The original problem can be solved in a trivial way:

• a for-loop appends numbers to a long string until that string contains enough digits
• read relevant digits, convert them from ASCII to integers and multiply them
The Hackerrank problem asks for digits at positions up to 2^18 which cannot be done the brute force way
because we would be running out of memory (and CPU time).

My function getDigit finds a digit without building such a long string.
It is based on the following observation:
• there are 9 numbers with one digit (1 to 9)
• there are 90 numbers with one digit (10 to 99)
• there are 900 numbers with one digit (100 to 999)
• ... and so on
The first part of getDigit figures out how many digits the number has which is pointed to by the parameter pos.
• the first 9 numbers are represented by 1*9 digits in Champernowne's constant
• the next 90 numbers are represented by 2*90=180 digits
• the next 900 numbers are represented by 3*900=2700 digits
• ... and so on: range will be 9, 90, 900, ... and digits will be 1, 2, 3, ...
The variable skip will contain 9, 9+2*90 = 189, 9+2*90+3*900 = 2890 until the next step would exceed pos.
Now that the function knows how many digit the number (pointed to by pos) has, getDigit process its digits.

To do so, it moves first closer to pos by repeated adding range.
Whenever range becomes too large, the next (smaller) digit has to be adjusted until we have the final value of first.
That number is converted to a string and the desired digit returned.

# Interactive test

You can submit your own input to my program and it will be instantly processed at my server:

Number of test cases (1-5):

Input data (separated by spaces or newlines):

This is equivalent to
echo "1 1 2 3 4 5 6 7" | ./40

Output:

Note: the original problem's input 1 10 100 1000 10000 100000 1000000 cannot be entered
because just copying results is a soft skill reserved for idiots.

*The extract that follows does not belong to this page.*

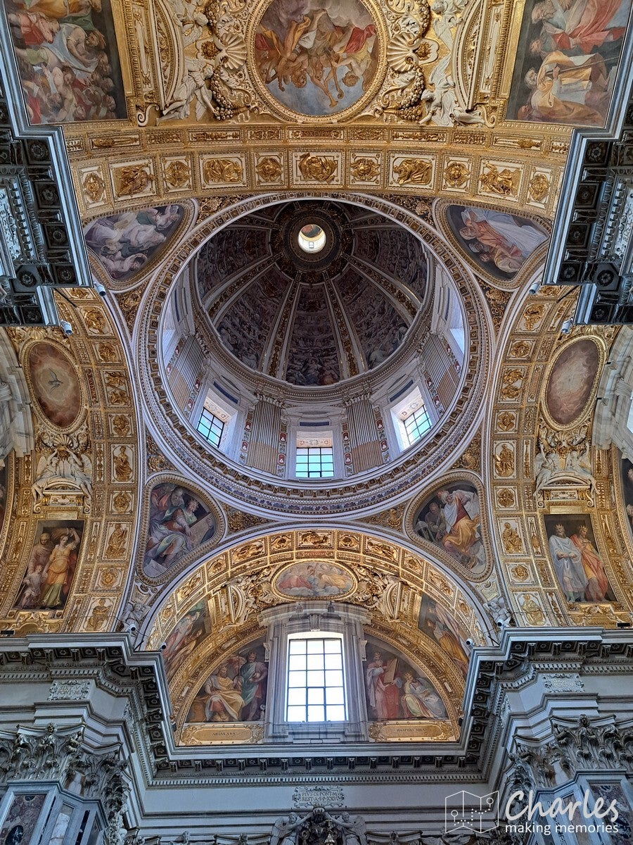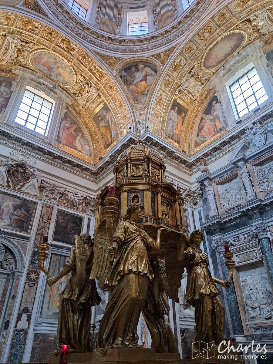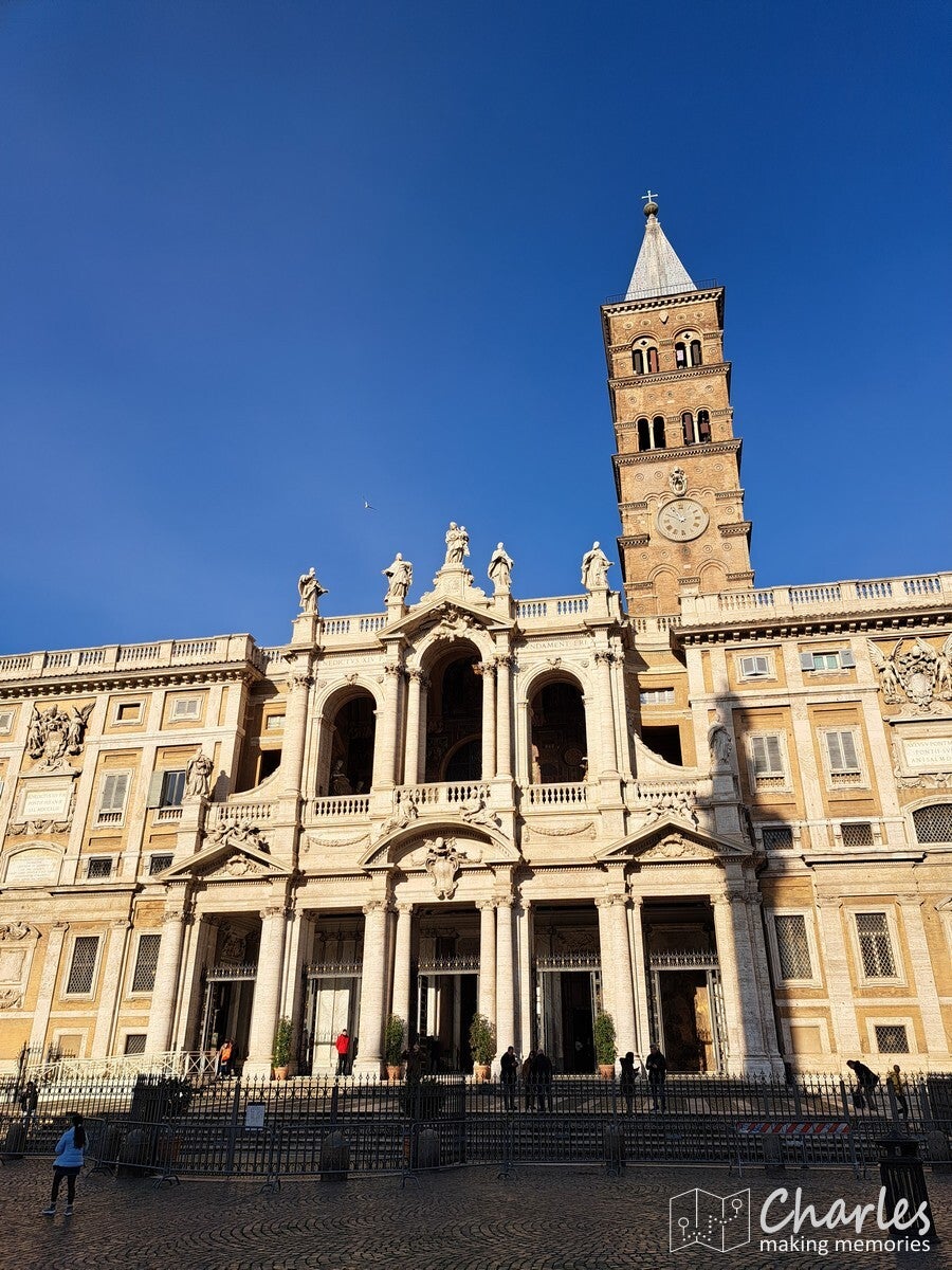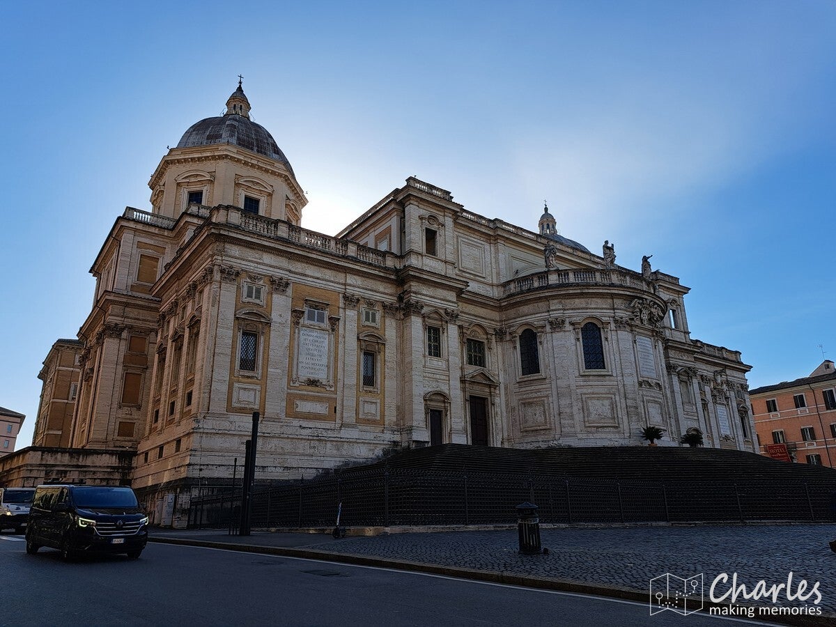 Op de eerste twee volle dagen in Rome hadden we eigenlijk nagenoeg alle grote bezienswaardigheden al gezien: Colosseum, Forum Romanum, Trevifontein, Pantheon, Engelenburcht en uiteraard het Vaticaan. Is dat alles in Rome? Uiteraard niet, met iets van 900 kerken en veel pleinen, fonteinen, standbeelden en noem maar op zou je wel weken kunnen vullen. Vandaag zo'n dag om vooral de minder bekende plekken te bezoeken, al begonnen we toch met nog wel een heel bekende basiliek: de Basilica Papale di Santa Maria Maggiore. Deze basiliek is een van de zeven pelgrimskerken van Rome, en is de enige van de vier pauselijke basilieken in Rome waarvan het antieke bouwwerk intact bewaard is gebleven. Zoals al bij het verslag van gisteren aangegeven, hadden wij buslijn 71 nu ontdekt. Deze lijn kwam ook nog eens langs deze basiliek, dus vanaf het appartement stonden we binnen de kortste keren voor de deur. Een indrukwekkend grote deur wel te verstaan en dat gold ook voor de rest van het gebouw. De basiliek was ook te bezoeken, we maakten graag van deze gelegenheid gebruik. Daarna een ontbijtje aan de rand van het plein voor de basiliek, waar we onder het genot van een broodje en een kop thee een plan gingen opstellen voor vandaag. We hadden twee opties: richting het centrumdeel met de winkelstraten om te gaan shoppen of een rondwandeling door de stad. Het werd een combi: een rondwandeling die ook door een aantal winkelstraten liep. Wij kopen voor stedentrips vaak een 'Time to momo' boekje, waarin altijd een aantal alternatieve wandelingen staan. Die wandelingen kun je vervolgens ook via een app volgen, ideaal om niet steeds te sjouwen met een papieren versie. Wij kozen nu voor een wandeling die begon in de buurt van de basiliek en die ook nog eens door het winkelgebied liep.

(this interactive test is still under development, computations will be aborted after one second)

# My code

… was written in C++11 and can be compiled with G++, Clang++, Visual C++. You can download it, too. Or just jump to my GitHub repository.

       #include <string>
#include <iostream>

// return the digit at position "pos"
// first digit after then decimal dot has pos = 1 (not zero !)
unsigned int getDigit(unsigned long long pos)
{
// assume pos has one digit
unsigned int       digits = 1;
// then there are 9 other numbers
unsigned long long range  = 9;
// the smallest of them is 1
unsigned long long first  = 1;

// there are    9 numbers with 1 digit
// there are   90 numbers with 2 digits
// there are  900 numbers with 3 digits
// there are 9000 numbers with 4 digits
// ...
// let's figure out the number of digits

// skip numbers with too few digits
unsigned long long skip = 0;
while (skip + digits*range < pos)
{
skip += digits*range;
// digits = 2 => range = 90 and
// digits = 3 => range = 900
// digits = 4 => range = 9000, etc.
digits++;
range *= 10;
first *= 10;
}

// now that we know the number of digits
// adjust "first" and "skip" such that the left-most/highest digit of pos and skip are identical
// then continue with the next digit
while (range > 9)
{
// could be replace by some modular arithmetic, but I'm too lazy for tough thinking ;-)
while (skip + digits*range < pos)
{
skip  += digits*range;
first += range;
}

// next lower digit
range /= 10;
}

// right-most digit (basically same inner loop as above when range == 1)
while (skip + digits < pos)
{
first++;
skip += digits;
}

// skip all "skippable" digits
pos -= skip;
// strings are zero-based whereas input is one-based
pos--;

// create a string version of our number
auto s = std::to_string(first);
// extract digit and convert from ASCII to an integer
return s[pos] - '0';
}

int main()
{
unsigned int tests;
std::cin >> tests;
while (tests--)
{
unsigned int product = 1;
for (unsigned int i = 0; i < 7; i++)
{
unsigned long long pos;
std::cin >> pos;

// multiply all digits
product *= getDigit(pos);
}

// print result
std::cout << product << std::endl;
}

return 0;
}


This solution contains 12 empty lines, 28 comments and 2 preprocessor commands.

# Benchmark

The correct solution to the original Project Euler problem was found in less than 0.01 seconds on an Intel® Core™ i7-2600K CPU @ 3.40GHz.
(compiled for x86_64 / Linux, GCC flags: -O3 -march=native -fno-exceptions -fno-rtti -std=gnu++11 -DORIGINAL)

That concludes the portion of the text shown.